とくにPBR1倍未満の会社は、株価が解散価値より下に沈んでいることになるので、シナジー効果を得るや、淵に沈む龍が天の時を掴んで飛翔するに似た、好業績を挙げる可能性があるからである。
(なお、日経新聞の上記記事が出たその日、東証のプライム市場に上場している、いなげやの株価が、22.95%上昇した模様である。
以上に述べた経営統合によるシナジー効果への投資家の期待がこの数字になったものであろう。
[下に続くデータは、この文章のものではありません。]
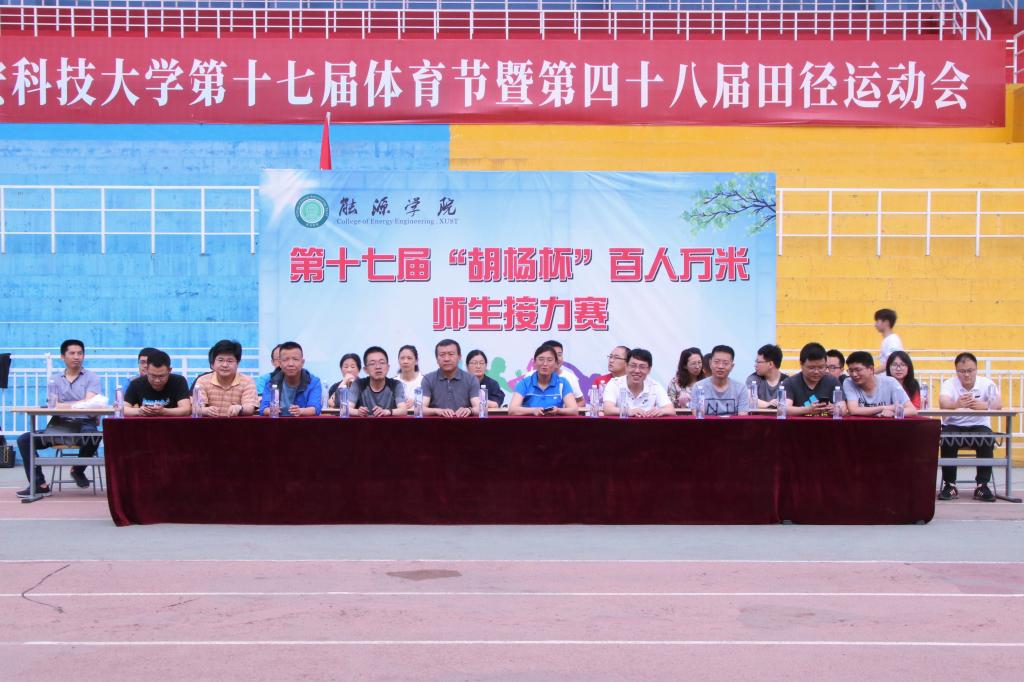 5月26日,公司第十七届“胡杨杯”百人万米师生接力赛在临潼校区骊山校园田径场拉开帷幕。公司党委书记陈吉兰,经理柴敬,党委副书记费秀水,副经理赵兵朝、解盘石,院办公室主任杨创明,学工办主任、团委书记万超,采矿系主任丁自伟,采矿系、建环系教师代表,全体班主任、辅导员及2016级、2017级、2018级所有班级共同参加了本次比赛。

)。
それによる受益の一部は、当然、現在の株主にも還元すべきことになるだろう。
また、特別委員会の委員になった社外取締役は、買い手側の申入れ価格に不満を持つ少数株主の意向調査も絶対にしなければならない。買い手側の言い分のみを聴き、その鼻息を窺いながら若干のプレミアム加算をさせるだけで能事足れりとするのではなく、データを駆使し、財務諸表だけでなく、株価の過去から現在に至る推移と値上がり・値下がりの原因分析、株が買い手に買われた後の会社の業績予想つまりはシナジー効果をどの程度株価に反映させるかなどについてまで、少数株主に説明する必要はあるであろう。ただし、納得してもらうことまでの必要はないが。
そのあたりの配慮がどの程度なされるかが、特別調査委員会の委員、特に社外取締役の才幹(鼎の軽重)が問われるところであろう。
特別委員会の報告書には、価格に不満を持つ少数株主を納得させる、データを駆使した文章を書く必要も、当然あるだろう。
裁判所に「価格決定の申立て」がなされないほどの丁寧さで。